YOUR ASSIGNMENT — Using the records that follow, reproduce exactly the lines starting at the line containing "В пятницу, 15" and ending at the line containing "ساعت مچی اورجینال". Include both end lines and no pictures.

RECORDS FOR PROCESSING —

+--

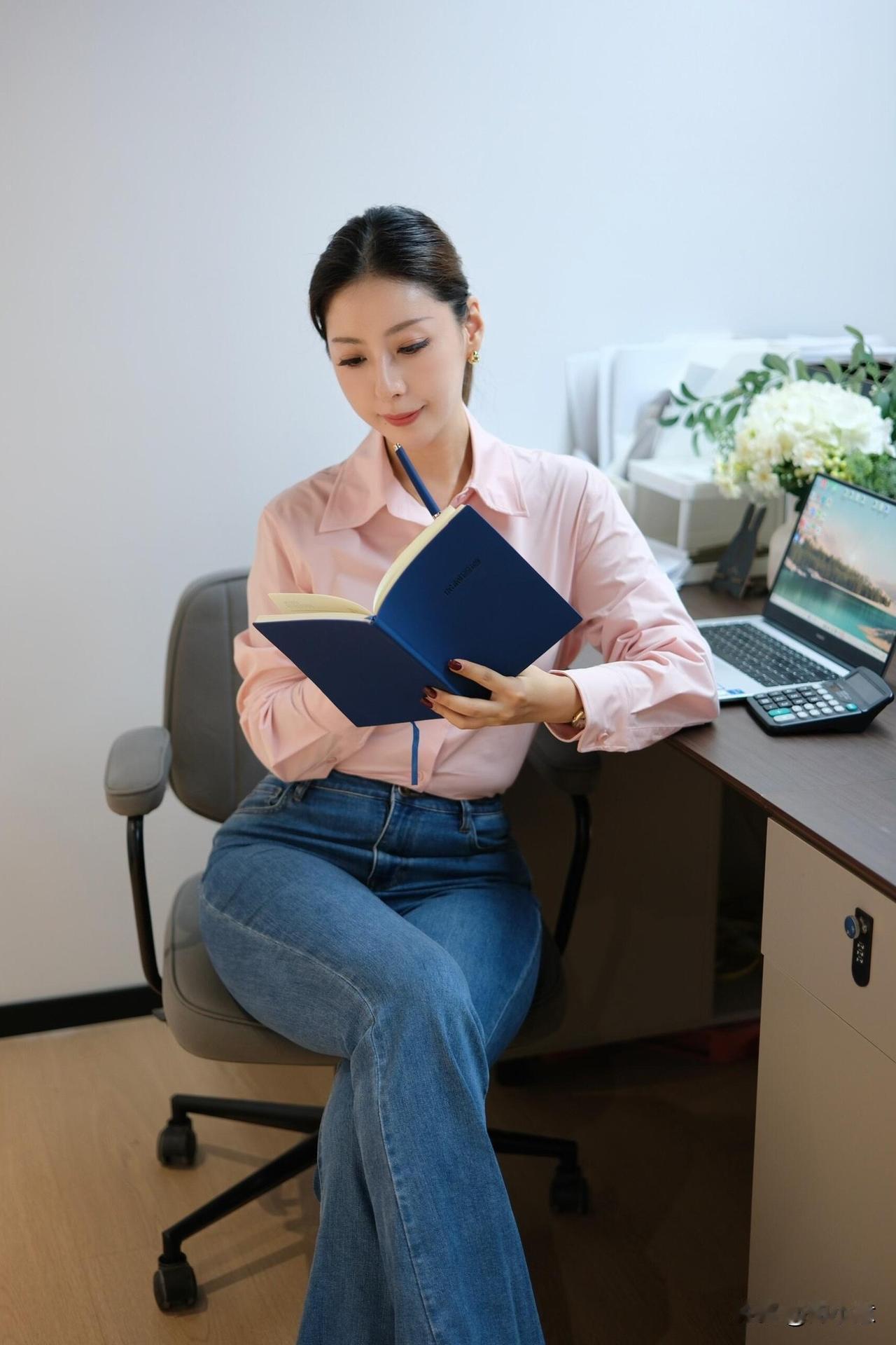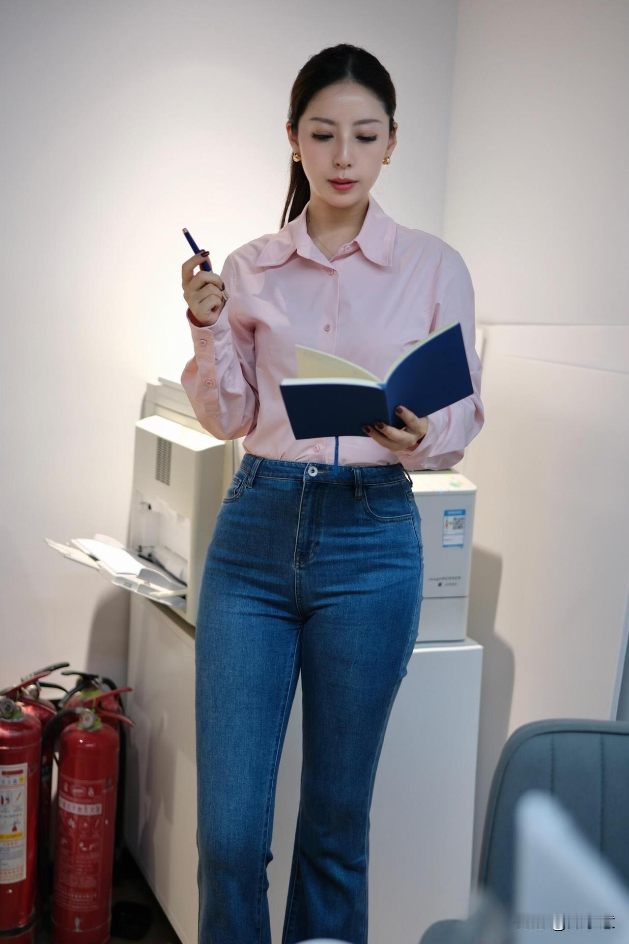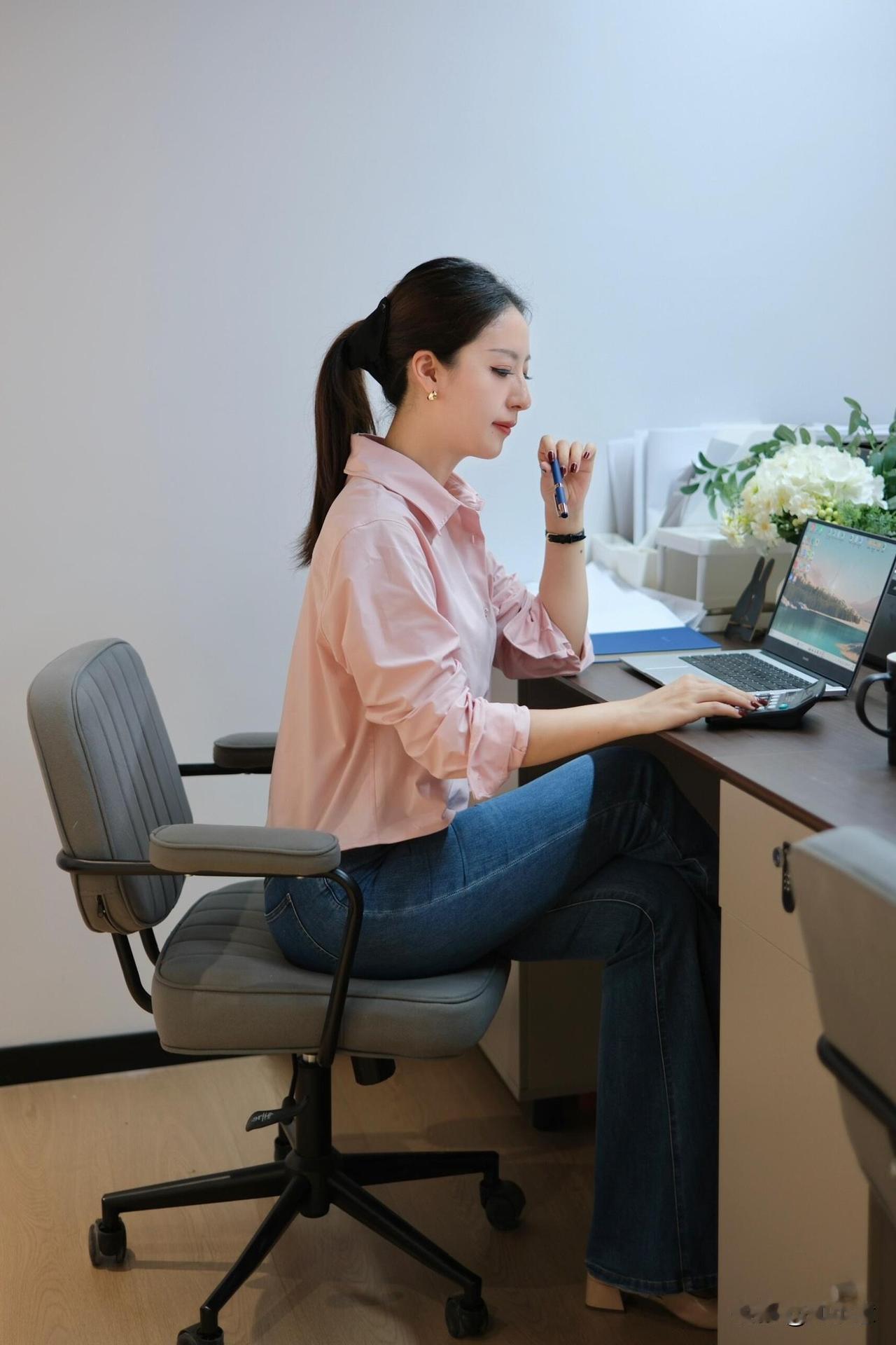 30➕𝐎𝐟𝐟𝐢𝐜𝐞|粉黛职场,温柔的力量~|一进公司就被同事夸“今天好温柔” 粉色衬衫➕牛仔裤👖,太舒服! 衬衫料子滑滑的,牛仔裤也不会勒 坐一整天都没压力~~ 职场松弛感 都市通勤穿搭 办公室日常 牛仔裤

+--

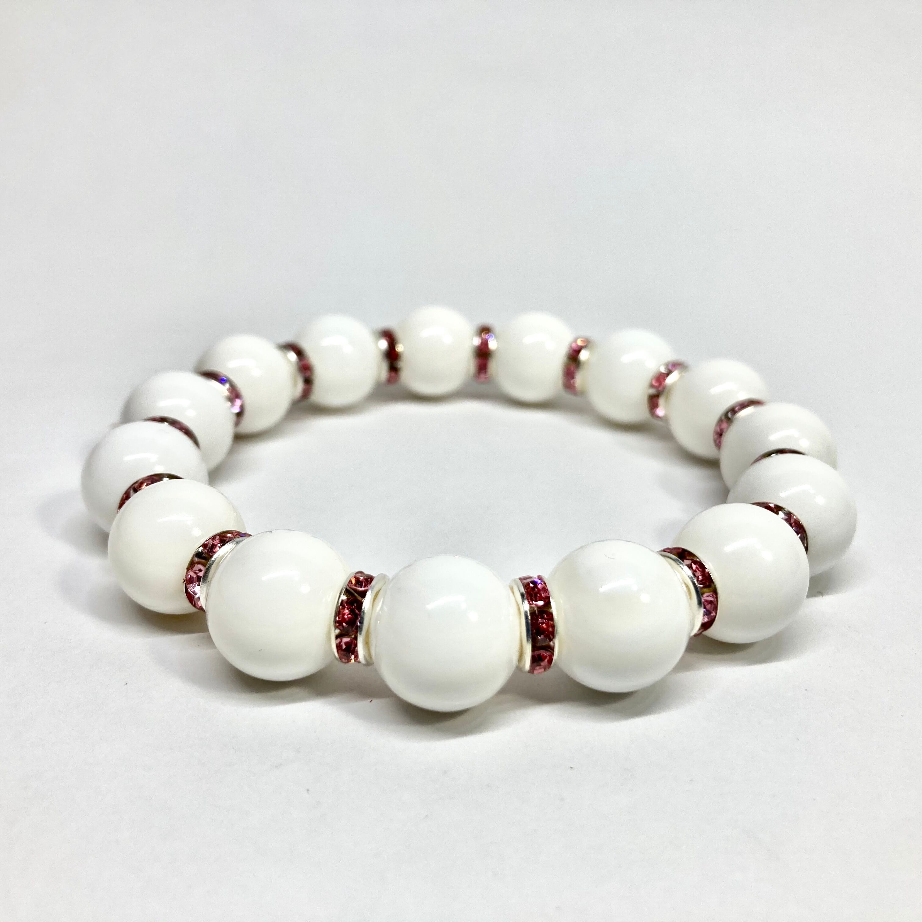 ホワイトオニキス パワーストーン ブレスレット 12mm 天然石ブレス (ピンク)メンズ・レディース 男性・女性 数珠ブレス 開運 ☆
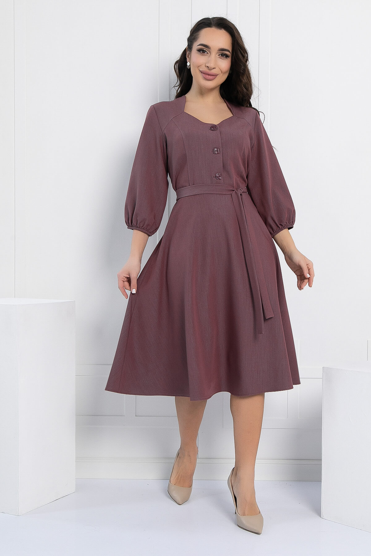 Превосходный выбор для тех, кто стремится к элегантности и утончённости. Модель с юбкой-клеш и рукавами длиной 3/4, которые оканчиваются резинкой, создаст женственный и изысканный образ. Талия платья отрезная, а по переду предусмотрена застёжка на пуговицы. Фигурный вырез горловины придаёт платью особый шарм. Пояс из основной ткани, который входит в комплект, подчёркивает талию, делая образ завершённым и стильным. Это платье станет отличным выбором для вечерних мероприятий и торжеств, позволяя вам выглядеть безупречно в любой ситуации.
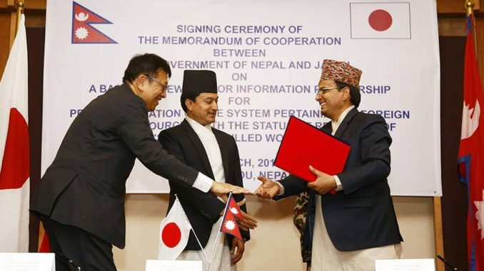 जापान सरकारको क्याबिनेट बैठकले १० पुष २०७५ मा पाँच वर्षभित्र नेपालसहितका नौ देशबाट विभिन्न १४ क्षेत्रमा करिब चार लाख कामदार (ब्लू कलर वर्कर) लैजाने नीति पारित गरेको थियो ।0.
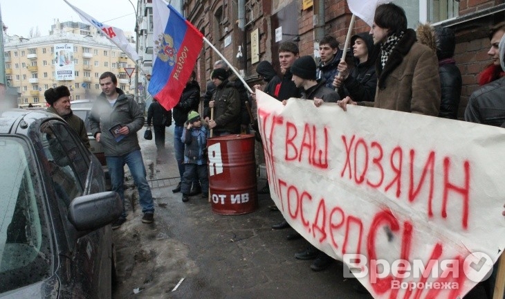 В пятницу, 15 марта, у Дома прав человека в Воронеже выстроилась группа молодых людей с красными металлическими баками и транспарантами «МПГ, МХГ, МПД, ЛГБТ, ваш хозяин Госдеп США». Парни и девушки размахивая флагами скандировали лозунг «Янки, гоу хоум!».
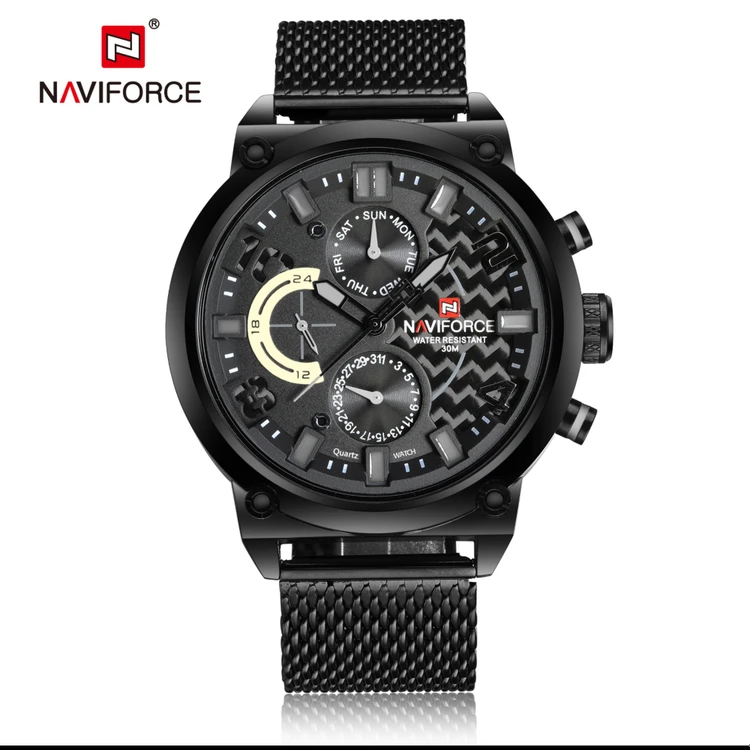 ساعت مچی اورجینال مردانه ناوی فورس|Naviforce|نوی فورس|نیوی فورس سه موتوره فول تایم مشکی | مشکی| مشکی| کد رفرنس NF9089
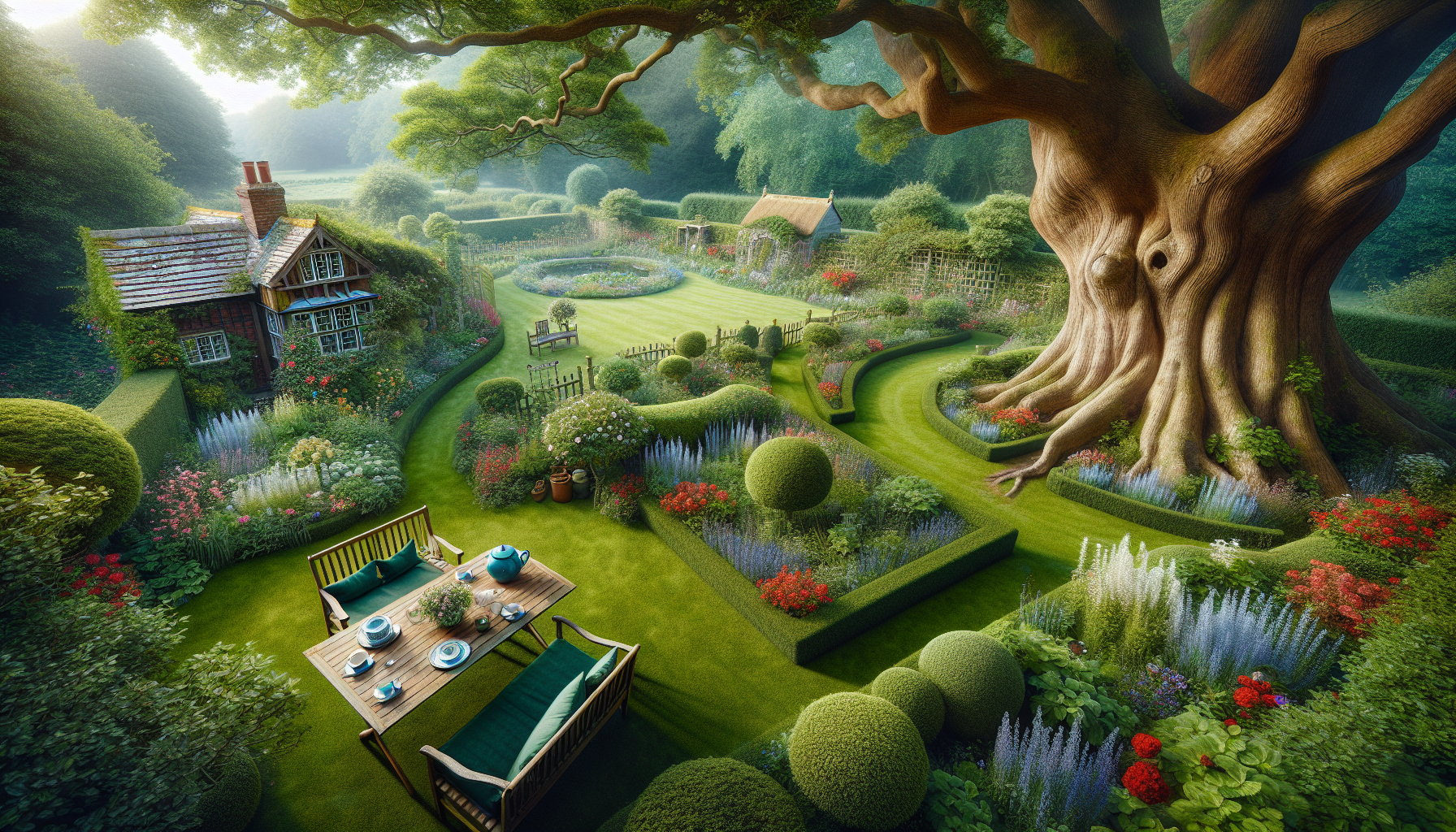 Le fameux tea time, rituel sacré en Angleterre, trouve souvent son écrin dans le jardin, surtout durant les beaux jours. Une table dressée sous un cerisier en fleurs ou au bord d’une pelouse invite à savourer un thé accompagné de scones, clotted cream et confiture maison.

+--

THE COMPLETED TASK —
 В пятницу, 15 марта, у Дома прав человека в Воронеже выстроилась группа молодых людей с красными металлическими баками и транспарантами «МПГ, МХГ, МПД, ЛГБТ, ваш хозяин Госдеп США». Парни и девушки размахивая флагами скандировали лозунг «Янки, гоу хоум!».
 ساعت مچی اورجینال مردانه ناوی فورس|Naviforce|نوی فورس|نیوی فورس سه موتوره فول تایم مشکی | مشکی| مشکی| کد رفرنس NF9089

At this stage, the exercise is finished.